A community member has associated this post with a similar question:
Is it better to filter in spark.sql text or from dataframe
Only moderators can edit this content.
Is it better to join tables in spark.sql text or as dataframes
We had a contractor setup the azure synapse analytics pipelines for us to ELT our source OLTP data using ADF through azure synapse analytics, store it in ADLS2 in databricks tables then ETL from databricks tables into our analytics store in snowflake schema form.
The notebooks created to perform the ETL of the data in azure databricks table to make dimension tables reads data from related tables separately into dataframes then joins the dataframes into one dataframe by the relation keys.
For example:
lastUpdatedTime = datetime.utcnow() - timedelta(days=1)
# get departments
departmentsDF = spark.sql("select from departments")
departmentsDF = departmentsDF.select([col(i).alias("dept_"+i) for i in departmentsDF.columns])
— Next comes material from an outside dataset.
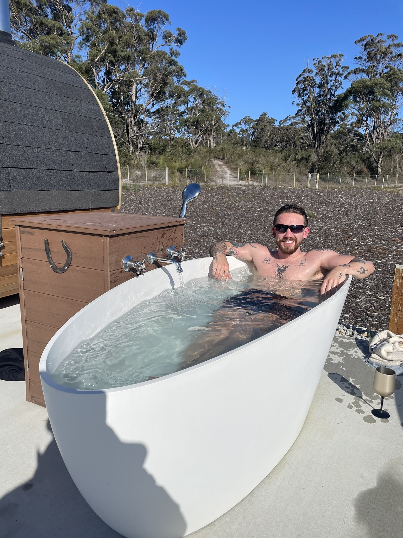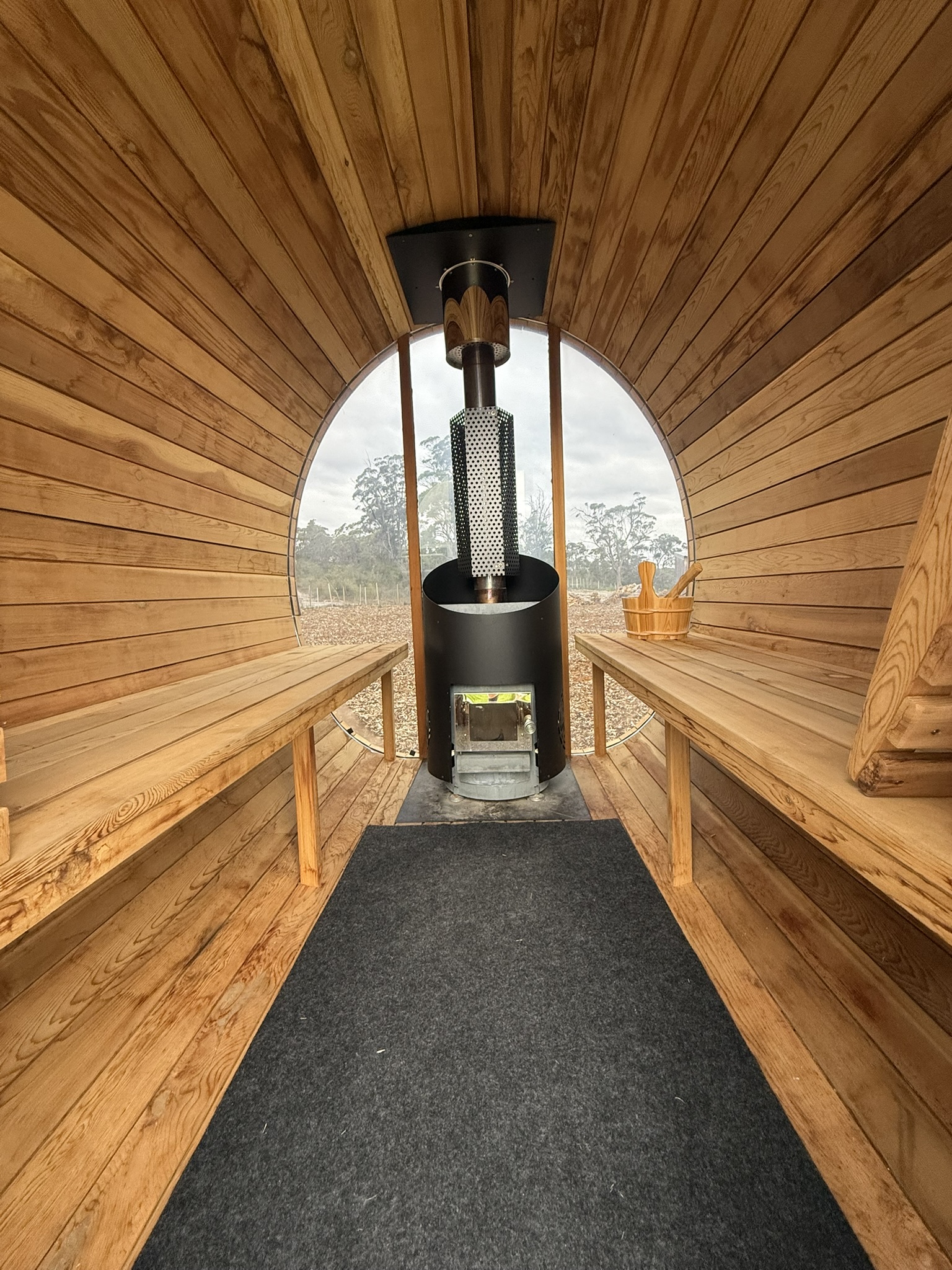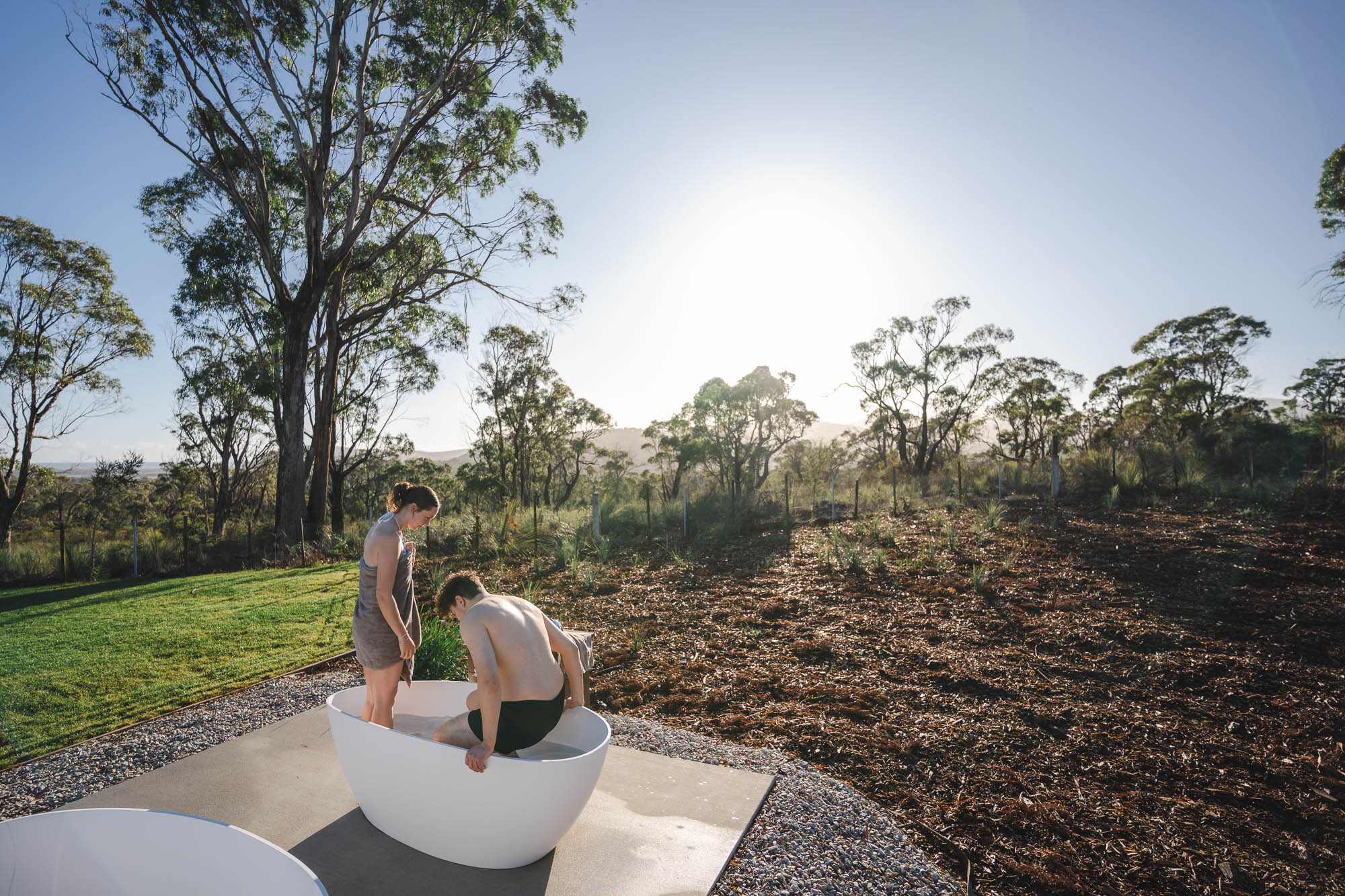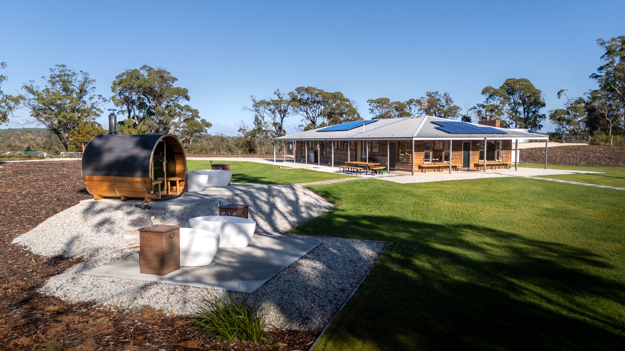 On the estate you’ll find considered, low-impact comforts: outdoor baths beneath the stars and a panoramic sauna that look across the coast. These features are intentionally simple and place-centred — designed to complement time in the landscape rather than distract from it.

# get employees updated in the past 1 day
employeesDF = spark.sql("select from employees")
employeesDF = employeesDF.where(col("LastUpdated") > lastUpdatedTime)
employeesDF = employeesDF.select([col(i).alias("emp_"+i) for i in employeesDF.columns])
concatEmployeesDF = employeesDF.join(departmentsDF, (employeesDF.emp_DepartmentID == departmentsDF.dept_ID) , how="left").drop(departmentsDF.dept_ID).dropDuplicates()
print(concatEmployeesDF.count())
Is this the most efficient way of joining these two databrick tables? Would it be more efficient to do the joins in the SQL text when getting the employees?